High Court Judge Justice Joseph Mafusire on Thursday 6 January 2022 dismissed an application filed by some Chilonga villagers challenging some provisions of Sections 4 and Section 6(1)(b) of the Communal Land Act, which vests rural land in the President and seeking to stop government’s plans to evict them so as to set an agricultural venture on 12 940 hectares.
In their application which was filed in March 2021, the Chilonga villagers, who were represented by Tendai Biti of Zimbabwe Lawyers for Human Rights, asked the High Court to set aside provisions of Sections 4 and Section 6(1)(b) of the Communal Land Act, which vests rural land in the President arguing that they are unconstitutional and offend some provisions of the Constitution.
The Chilonga villagers, who are farmers who grow sorghum, maize and millet while some of them are contract farmers for a local beverages manufacturer for the production of sorghum, were aggrieved after government sought to evict them to pave way for a commercial irrigation venture with media reports stating that they were being moved to pave way for a lucerne production project by a dairy processing company.

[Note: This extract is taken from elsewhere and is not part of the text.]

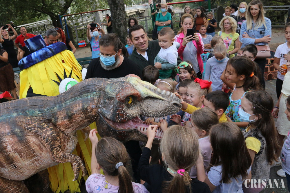 După cele două săptămâni de workshop-uri, vineri, în Parcul Libertății, a fost inaugurat Orășelul de hârtie, cu blocuri de înălțimi diferite, pictate și desenate de copii. La inaugurare a fost prezent și un dinozaur de peste patru metri lungime, destul de năzdrăvan și greu de strunit. Dinozaurul a învățat, alături de spectatori, care sunt bunele maniere la teatru, însă Dino va mai avea și alte lecții de bune maniere de învățat și-și va da întâlnire cu copiii weekend de weekend, în parc, în următoarele săptămâni.

They argued that the Communal Land Act denies them the right to self-determination of Africans in Zimbabwe and has no room in post-independent Zimbabwe.
The villagers contended that the Communal Land Act is a racist and a colonial creature which regards Africans as too uncivilised as to own land and queried how an African can own a house in Harare’s plush suburb of Borrowdale but he cannot own his ancestral home in areas such as Chiredzi, Mwenezi, Dotito, Chendambuya, Nkayi or Tsholotsho.
The villagers also argued that the intended eviction is an unlawful deprivation of their to property as enshrined in Section 71 and Section 72 of the Constitution arguing that no person may be compulsorily deprived of their property.
In response to the application, government argued that Section 4 and Section 6(1)(b) of the Communal Land Act are not in breach of the Constitution and that there is nothing wrong in vesting communal land in the State President and this is done to ensure orderly development.
The agricultural venture, government argued would generate foreign currency, rural development, provision of basic amenities like clinics, schools and better housing and the establishment of an economic hub in Chilonga.
But in a judgment handed down on Thursday 6 January 2022, Justice Mafusire dismissed the application after ruling that the impugned sections in the Communal Land Act do not violate the Constitution.
While acknowledging that the Communal Land Act may have an obnoxious and racist parentage, Justice Mafusire said government in its “infinite wisdom” decided to make a political decision by leaving the concept of vesting communal lands in the State President intact.
Justice Mafusire proposed that without some sort of Commission of Enquiry on Zimbabwe’s whole agrarian reform especially as it applies to communal lands, the courts may not be sufficiently qualified to provide a wholesome solution to the question of private ownership of communal lands.
The Judge ruled that it is not an undesirable fear that the granting of title carte blanche to users and occupiers of communal lands may result in undesirable consequences and warned that foreign land barons may end up owning vast tracts of communal land and this may disrupt the orderly customary way of life in those territories.
Justice Mafusire said the Executive and the Legislature are better placed than the courts to consider, on the basis of the material, information, the expertise, the resources, and so on, available to them whether, in spite of the regrettable origins of the Communal Land Act, it is time that private ownership of communal territories is recognised so that individual title deeds can now be granted to the occupiers of such territories.